# To do:
Pictures excluded, return the lines below from the first through the line holding "When the rice".

+++ Information shown +++

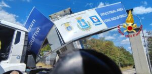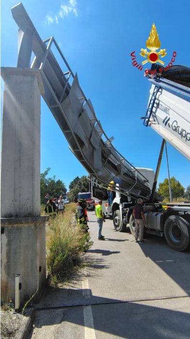 conducente, un mezzo pesante in transito ha urtato e divelto la segnaletica stradale che poi ha invaso la carreggiata.
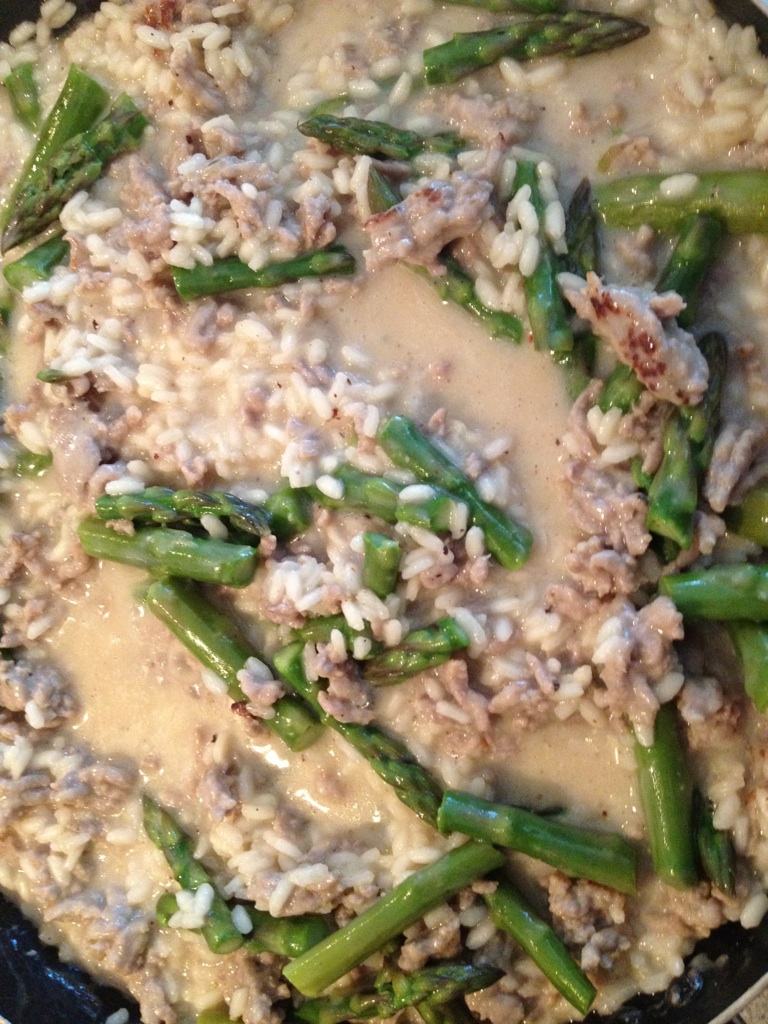 When the rice is almost done, return the sausage to the pan and add the asparagus. A few moments before serving, I gilded the lilly this time and added about 2 tablespoons of light cream that I happened to have on hand. Here’s a picture a few minutes before serving.
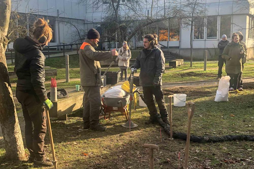Die Bodenökologin hatte derweil mit den Studierenden das Erdreich um die Apfelbäume analysiert. Es war nicht nur sehr feinkörnig und extrem trocken, sondern auch fast frei von üblichen Bodentieren wie Springschwänzen, Milben, Käferlarven und Regenwürmern. „Um die Bodenstruktur zu verbessern, ist eine diverse, ganzjährige Pflanzenbedeckung mit unterschiedlichen Wurzeltiefen nötig“, erklärt Stefanie Maaß. „Das schützt den Boden vor Erosion, beschattet ihn und steigert seine Wasseraufnahmefähigkeit. Durch die Pflanzen fällt zudem vielfältiges organisches Material an, das Bakterien, Pilzen und Bodentieren Nahrung gibt.“ Der Plan: Zwei Blühstreifen sollen angelegt werden. In einer ersten Aktion pflanzten die Studierenden 400 Blausterne (Scilla), Krokusse und Traubenhyazinthen. Diese Frühblüher bieten Wildbienen und anderen Insekten schon Anfang des Jahres Nahrung.
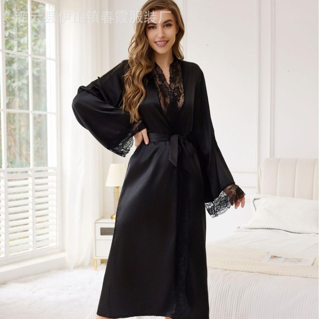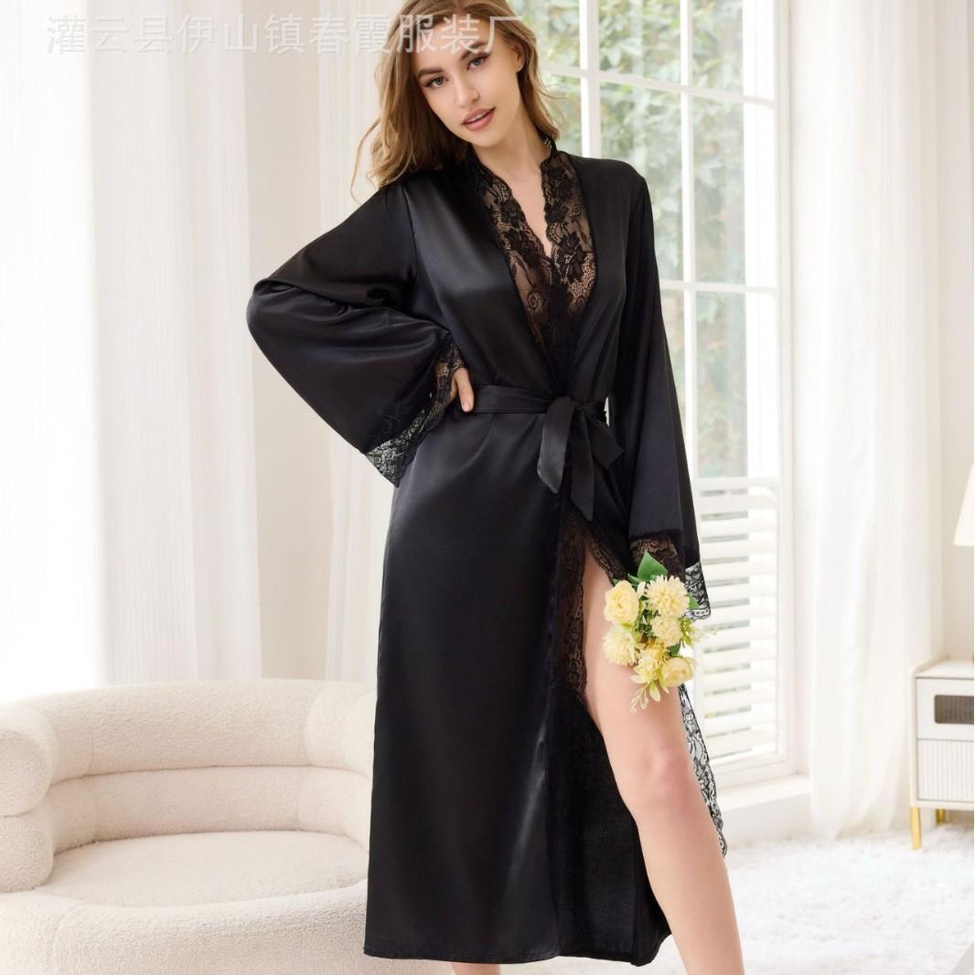 Camisón sexy de seda sintética de comercio exterior europeo y americano transfronterizo, bata con encaje en la cintura, conjunto de pijama casual para el hogar

+++

# Written reply:
 conducente, un mezzo pesante in transito ha urtato e divelto la segnaletica stradale che poi ha invaso la carreggiata.
 When the rice is almost done, return the sausage to the pan and add the asparagus. A few moments before serving, I gilded the lilly this time and added about 2 tablespoons of light cream that I happened to have on hand. Here’s a picture a few minutes before serving.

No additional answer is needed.